Berarti inisiatif dan kreatif pegawai di Sekretariat Pemerintah Kota
Makassar yang telah mendapatkan promosi jabatan, baik di tinjau dari kesadaran dan wawasan yang dimilikinya, sedang pengaruhnya terhadap semangat kerja mereka. Hal ini di karenakan inisiatif dan kreatif merupakan poin terpenting dalam menghidupkan semangatnya untuk bekerja.

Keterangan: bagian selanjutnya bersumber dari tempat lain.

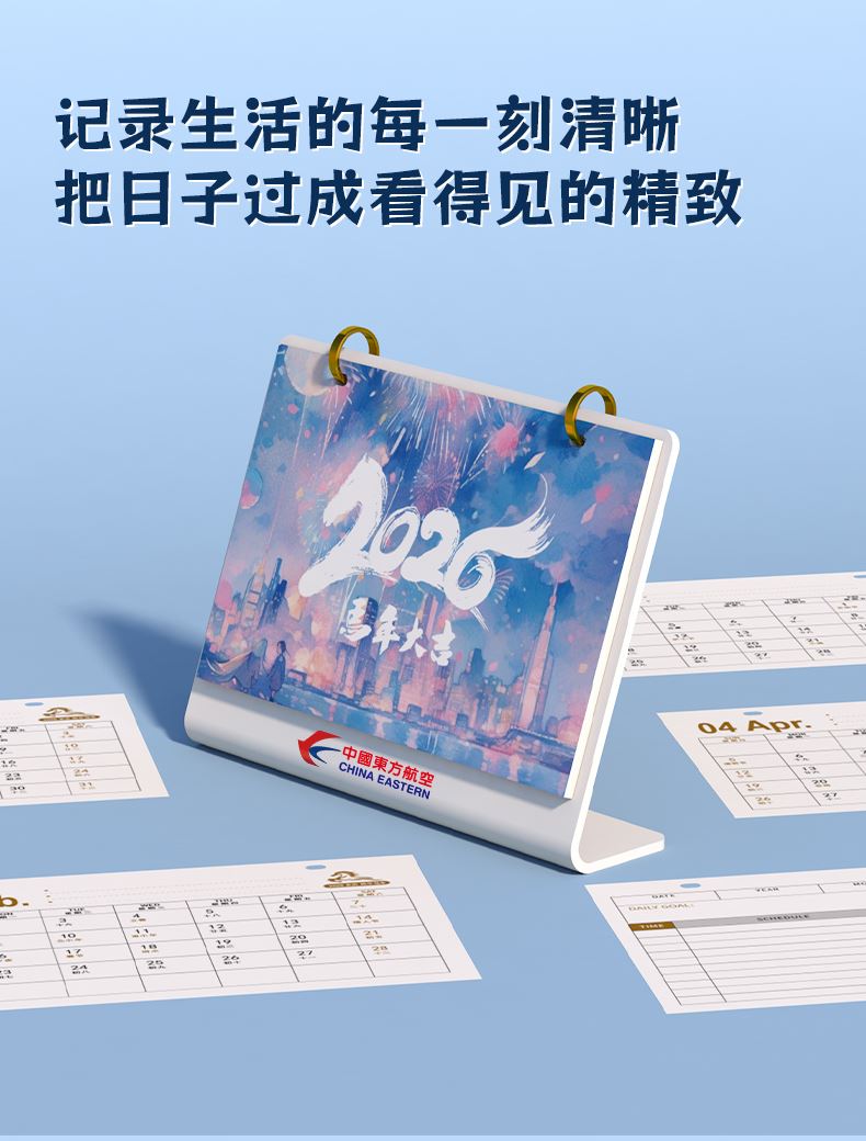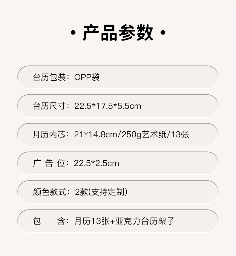台历尺寸:22.5*17.5*5.5cm 内芯尺寸:21*14.8cm 广告位:22.5*2.5cm 包含:13张内芯+亚克力台历架子
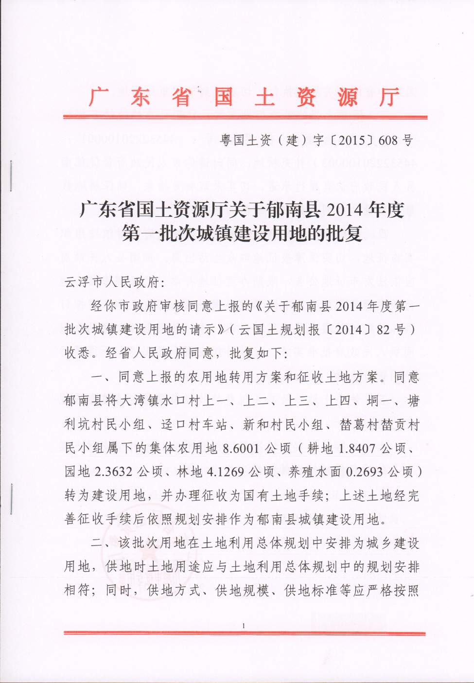 廣東省國土資源廳關(guān)于郁南縣2014年度第一批次城鎮(zhèn)建設(shè)用地的批復(fù)
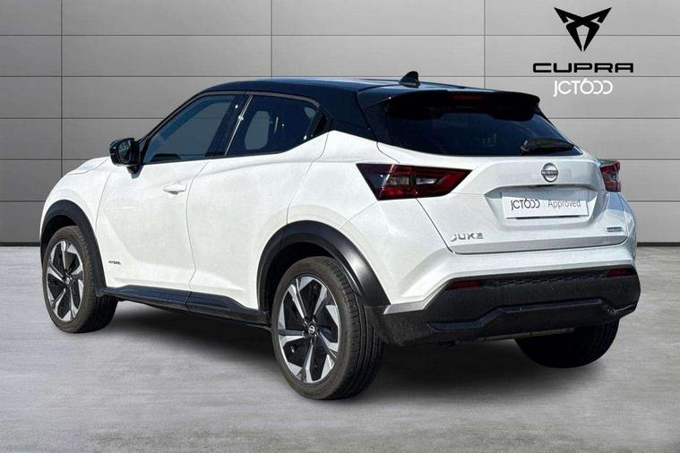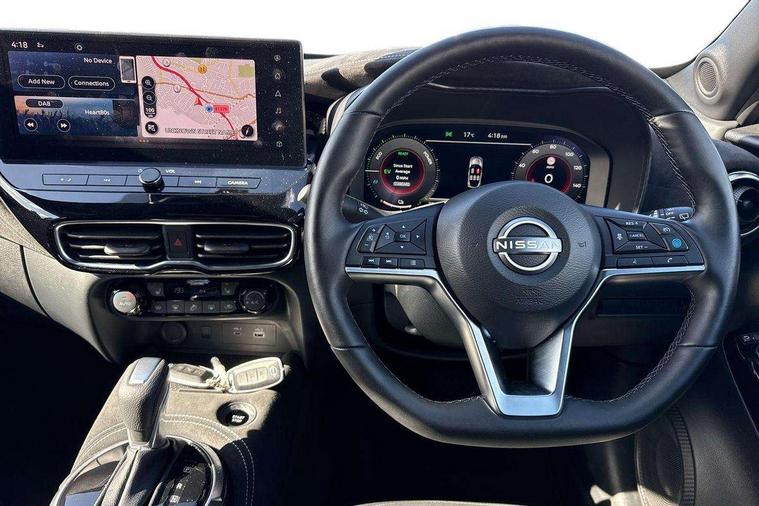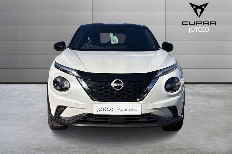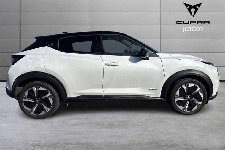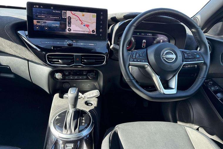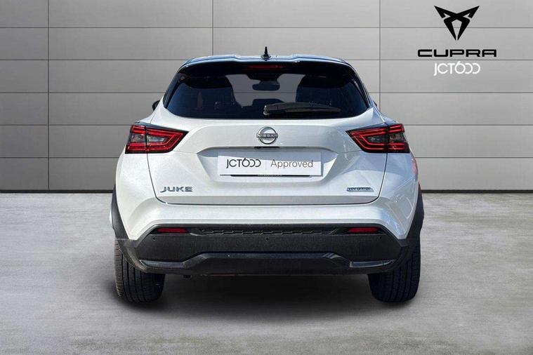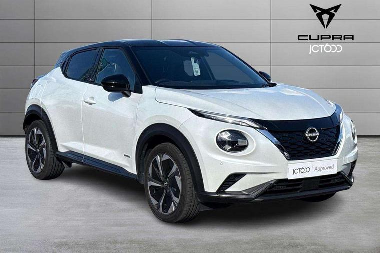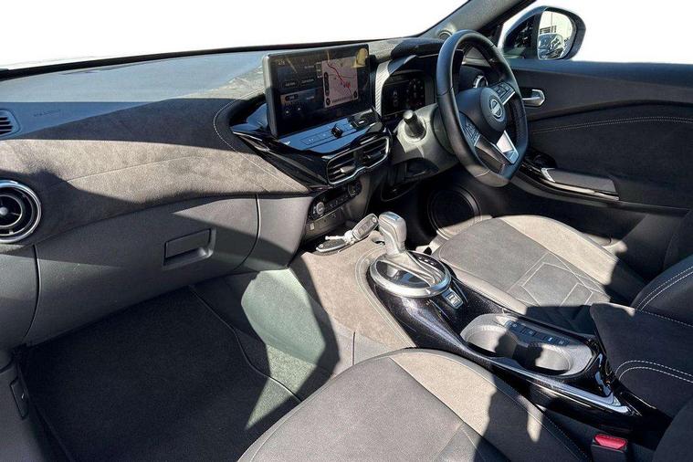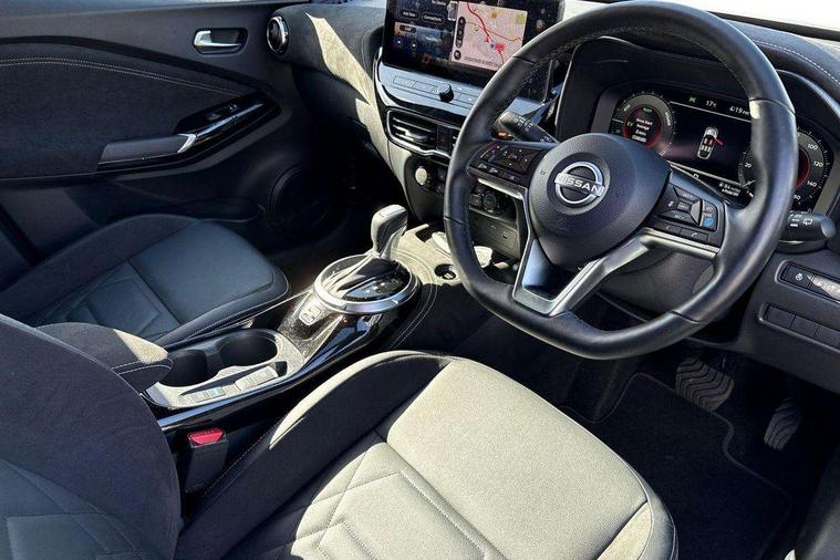 12.3" full colour TFT screen combimeter, Drive modes select (Eco, normal and sport), e-Pedal step, Emergency and breakdown call, EV mode switch, Front parking sensor, Intelligent driver alert system, Intelligent lane intervention, Lane departure warning system, Nissan connect 12.3" touch screen entertainment system, Nissan connect nav with TomTom traffic, Nissan connect services, Outside temperature sensor, Power Steering, Rear parking sensor, Stop/start button, Traffic sign recognition, Trip computer, Voice recognition, WiFi connectivity, Wireless Apple CarPlay and Google Android auto, Wireless Smartphone charger, 10 Bose speakers 6 speakers and 2 headrest speakers for driver/passenger seats, 2 X Rear console USB port, Bluetooth system, USB, Aux-in and 12V socket, Bose personal sound stage control, DAB Digital radio, Auto dimming frameless rear view mirror, Automatic hazard signal with emergency stop signal, Body colour door handles, Electrically adjustable door mirrors with integrated indicators, Follow me home headlights, Front and rear electric window with one touch driver window, Heated and auto folding door mirrors, High beam assist, LED 3rd brake light, LED daytime running lights, LED front fog lights, LED headlamps, LED rear fog lamp, LED rear lamps, One touch passenger window, Rain sensor windscreen wipers, Rear privacy glass, Rear side wing doors, Rear wiper, Roof spoiler, Shark fin roof antenna in solid Black, Three blink turn signal, 3 height adjustable rear headrests, 3 seat bench in 2nd row, 60/40 split folding rear seat, Automatic climate control, Card holder on driver sunvisor, Door ambient lighting, Driver seat back pocket, Driver side rear coat hanger, Driver/passenger sunvisors and vanity mirrors, Front and rear cabin lights, Front armrest, Front door pockets with bottle holders, Front head restraints, Front/rear passenger grab handles, Gear console ambient circle lighting, Height adjustable driver's seat, Internal chrome door handles, Leather gearshift knob, Luggage board, Luggage space lighting, Monoform sporty seats, Multifunction steering wheel, Passenger seat back pocket, Rear door bottle holders, Single front passenger seat, Smooth synthetic leather steering wheel, Synthetic leather kneepad, Telescopic steering wheel adjustment, Two cupholders in front centre console, Two rear isofix child seat anchorage points with top tether, Welcome light and console tray ambient lighting, Heat pack with height adjustable passenger seats - Juke, Interior personalisation pack - Juke, ProPilot pack - Juke Auto, Satin grey exterior personalisation pack - Juke, ABS with EBD and brake assist, Active ride control, Active Trace Control, Driver and passenger airbags, Driver and passenger side airbags, Electric handbrake with auto hold function, Electronic Stability Programme (ESP), Front and rear curtain airbags, Height adjustable seatbelts, Hill start assist, Intelligent emergency braking with pedestrian and cyclist recognition, Rear door child safety locks, Seatbelt reminder for driver/front passenger and rear seats, Three 3 point rear seatbelts, Traction control, Tyre pressure monitoring system, VDC Dynamic Vehicle Control, Alarm, Immobiliser, Intelligent key and start push button with walk away lock and approach unlock functions, Remote central locking, 19" Aero alloy wheels, Tyre puncture repair kit,

3. Pengaruh Secara Simultan Promosi Jabatan Terhadap Produktivitas Dan Semangat Kerja Di Sekretariat Pemerintah Kota Makassar a. Pengaruh Promosi Jabatan (X) Terhadap Produktivitas Kerja
(Y1)
Berdasarkan hasil penelitian diperoleh bahwa promosi jabatan (X) terhadap produktivitas kerja (Y1) memiliki pengaruh yang besar. Berarti pegawai di Sekretariat Pemerintah Kota Makassar yang telah mendapatkan promosi jabatan, besar pengaruhnya terhadap produktivitas kerja mereka. Hasil penelitian ini searah dengan pernyataan yang dikemukakan oleh Abdurrahman (2009:101), bahwa promosi jabatan merupakan perkembangan yang positif dari seorang pekerja atau pegawai karena tugasnya dinilai baik oleh pejabat yang berwenang. Jika ada kesempatan untuk dipromosikan bagi setiap karyawan yang berdasarkan atas asas keadilan dan objektivitas akan mendorong karyawan bekerja lebih giat, semangat, berdisiplin dan berprestasi kerja yang semakin besar sehingga sasaran perusahaan yang optimal dapat dicapai.

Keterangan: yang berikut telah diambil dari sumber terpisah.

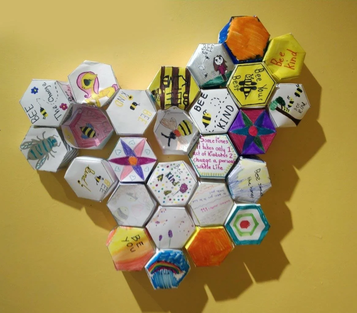“Being that we’re beekeepers at Houghton Elementary, and we’ve often been in awe over the elegant structure of the honeycomb; how the hexagon creates the most efficient use of space…so it naturally fit…” said Melissa Hronkin, art teacher at Houghton Elementary.
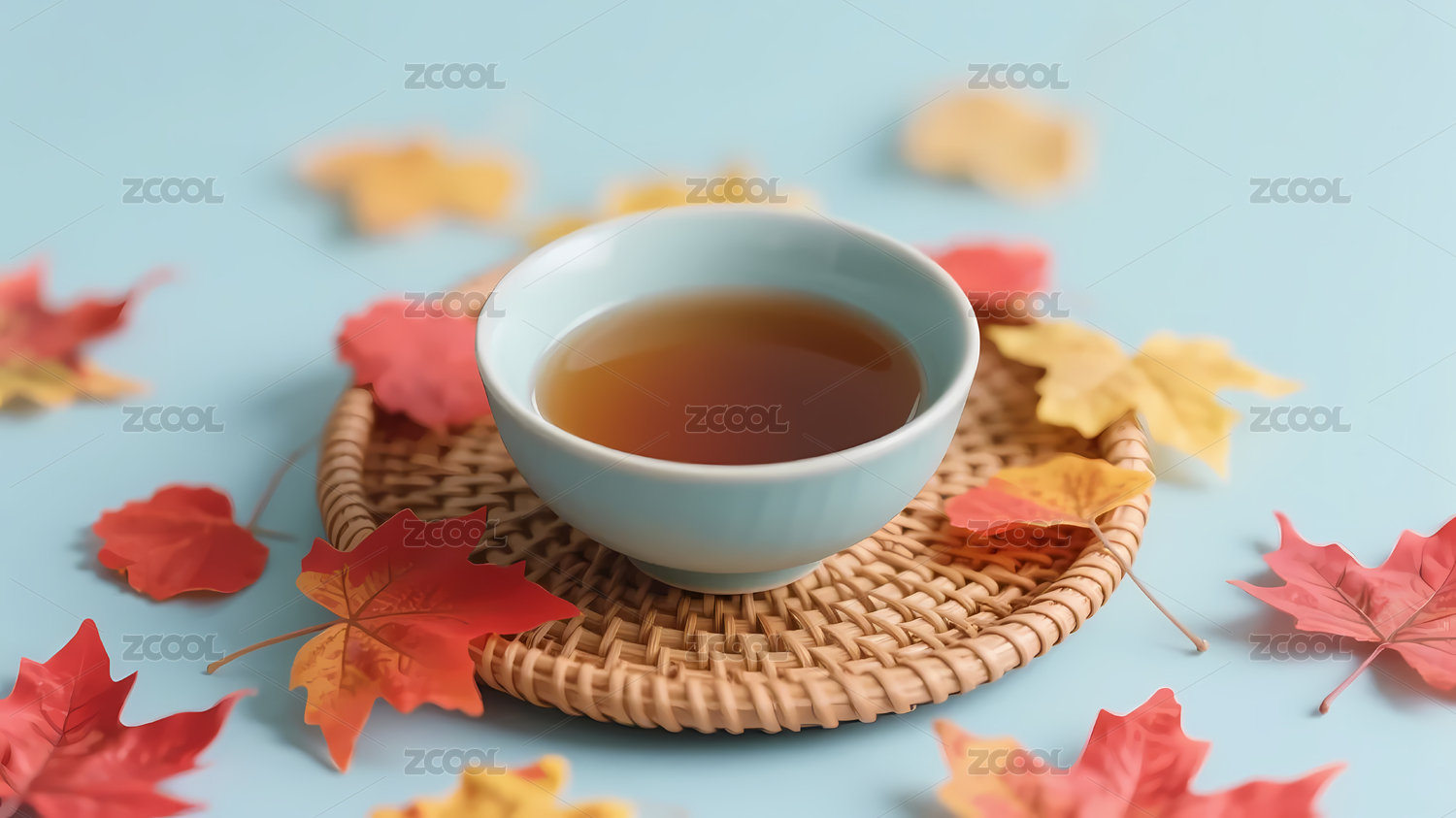 浅蓝茶碗与枫叶

Pernyataan tersebut juga diperkuat dengan adanya penelitian terdahulu dari Fani Rismayanti, Faizal Mulia dan Kokom Komariah (2019) Peran promosi jabatan terhadap peningkatan produktivitas kerja
karyawan (study pada PT. Star Comgistic Indonesia Kabupaten Sukabumi), hasil penelitian menunjukkan bahwa terdapat pengaruh positif dan signifikan antara promosi jabatan (X) terhadap produktivitas kerja (Y).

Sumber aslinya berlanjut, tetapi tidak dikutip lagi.